The open-unlearning/neg_tofu_Llama-3.2-1B-Instruct_retain90_forget10_pert_lr1e-05_wd0.01_epoch10 model is a 1 billion parameter instruction-tuned language model based on the Llama-3.2 architecture. This model is specifically designed for open unlearning research, focusing on retaining 90% of original knowledge while forgetting 10% of specific information. Its primary differentiation lies in its application of perturbation-based unlearning techniques, making it suitable for studying controlled knowledge removal in LLMs. It offers a foundation for exploring targeted forgetting and knowledge retention in smaller, instruction-following models.
Loading preview...
Model Overview
This model, neg_tofu_Llama-3.2-1B-Instruct_retain90_forget10_pert_lr1e-05_wd0.01_epoch10, is a 1 billion parameter instruction-tuned language model built upon the Llama-3.2 architecture. It is a research-oriented model developed for the study of open unlearning, a technique focused on selectively removing specific information from a pre-trained model while preserving general knowledge.
Key Characteristics
- Parameter Count: 1 billion parameters, offering a compact yet capable foundation for research.

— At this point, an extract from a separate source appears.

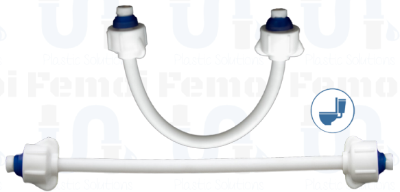
ACOPLE PLÁSTICO FLEXIBLE 25 CMS. 1/2" X 5/8" (W.C.) C0004

- Context Length: Supports a substantial context window of 32,768 tokens.
- Unlearning Focus: Specifically engineered to retain approximately 90% of its original knowledge while forgetting 10% of targeted information.
- Methodology: Utilizes a perturbation-based unlearning approach, with a learning rate of 1e-05 and weight decay of 0.01 over 10 epochs.
Intended Use Cases
- Research in Machine Unlearning: Ideal for academics and researchers exploring methods for controlled knowledge removal and retention in large language models.
- Prototyping Unlearning Techniques: Provides a practical model for developing and testing new unlearning algorithms.
- Understanding Model Behavior: Useful for analyzing how models adapt and change their internal representations when specific data is 'forgotten'.